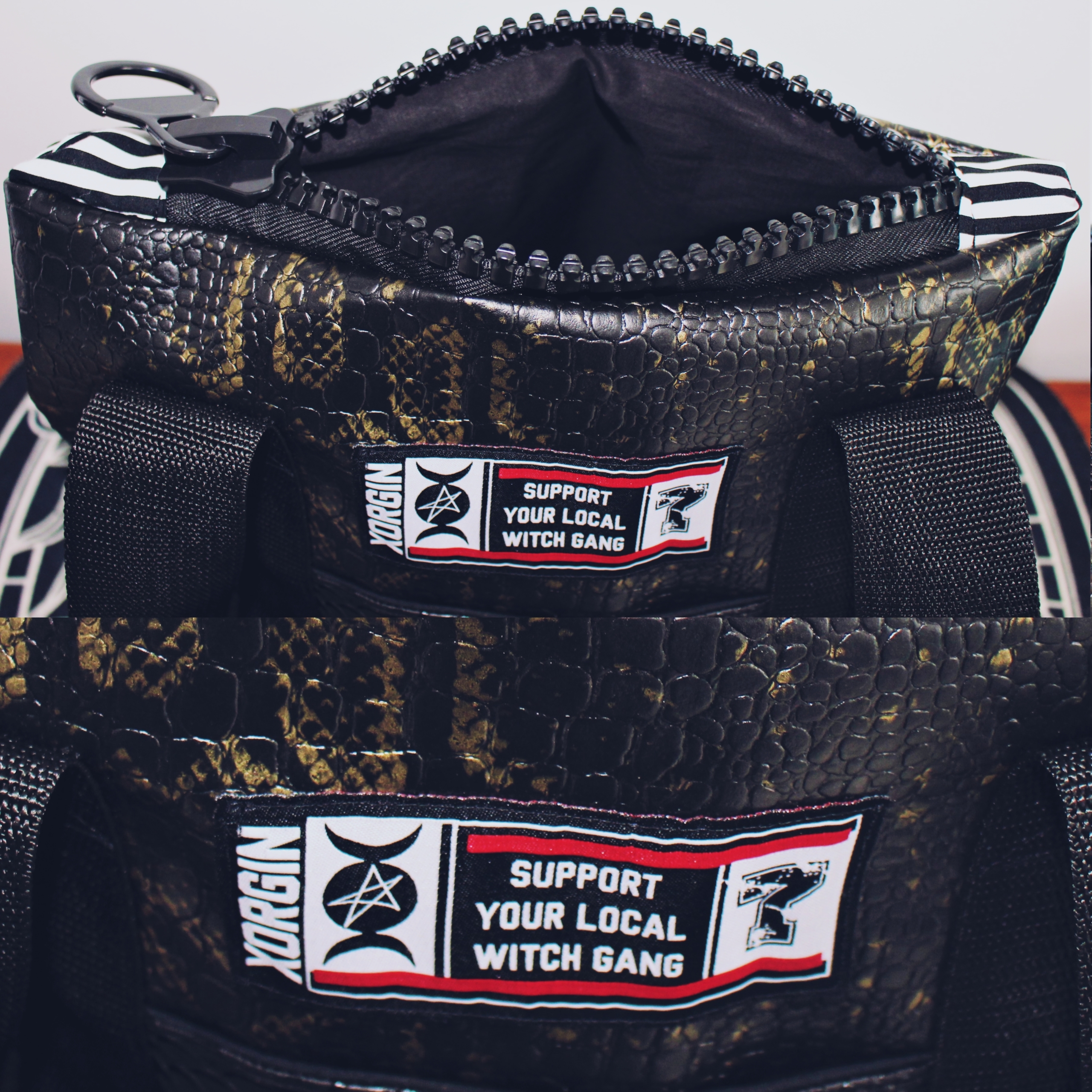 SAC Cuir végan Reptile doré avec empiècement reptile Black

==

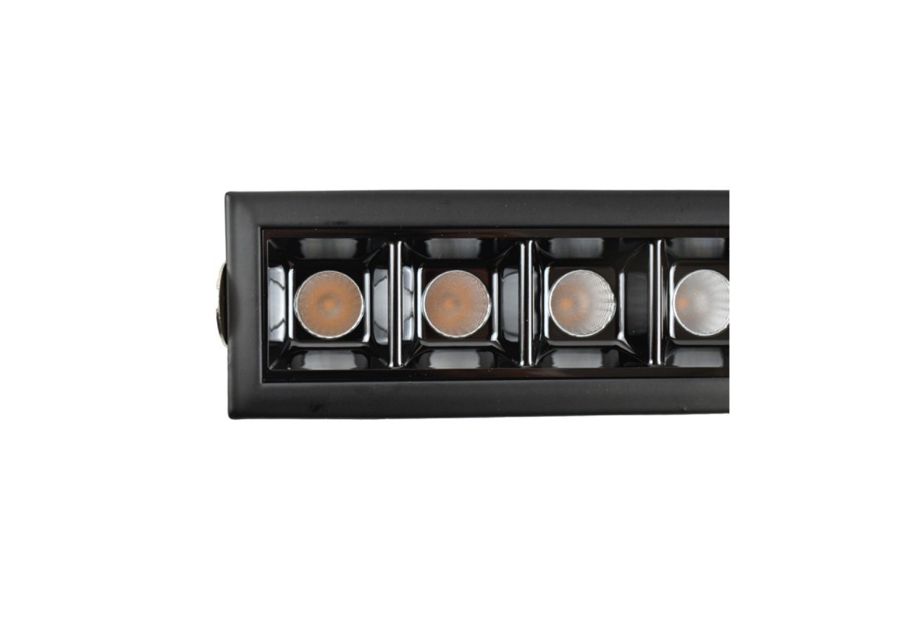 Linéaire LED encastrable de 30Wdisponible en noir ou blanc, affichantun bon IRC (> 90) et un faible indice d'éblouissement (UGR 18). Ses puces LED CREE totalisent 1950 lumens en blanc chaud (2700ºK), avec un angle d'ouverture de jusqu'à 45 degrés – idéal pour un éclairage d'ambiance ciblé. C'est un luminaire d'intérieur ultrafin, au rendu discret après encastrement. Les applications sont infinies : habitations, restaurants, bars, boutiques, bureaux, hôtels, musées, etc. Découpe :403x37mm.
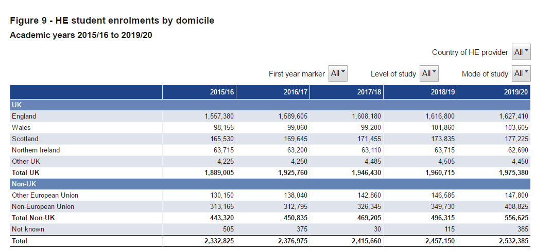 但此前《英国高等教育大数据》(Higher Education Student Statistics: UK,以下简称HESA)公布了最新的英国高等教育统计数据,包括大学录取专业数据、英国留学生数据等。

BRIEF: Give back exactly the lines above from the one with "Linéaire LED encastrable" through the one with "但此前《英国高等教育大数据》(Higher Education Student", both included. Pictures don't belong in the copy.

SOLUTION:
 Linéaire LED encastrable de 30Wdisponible en noir ou blanc, affichantun bon IRC (> 90) et un faible indice d'éblouissement (UGR 18). Ses puces LED CREE totalisent 1950 lumens en blanc chaud (2700ºK), avec un angle d'ouverture de jusqu'à 45 degrés – idéal pour un éclairage d'ambiance ciblé. C'est un luminaire d'intérieur ultrafin, au rendu discret après encastrement. Les applications sont infinies : habitations, restaurants, bars, boutiques, bureaux, hôtels, musées, etc. Découpe :403x37mm.
 但此前《英国高等教育大数据》(Higher Education Student Statistics: UK,以下简称HESA)公布了最新的英国高等教育统计数据,包括大学录取专业数据、英国留学生数据等。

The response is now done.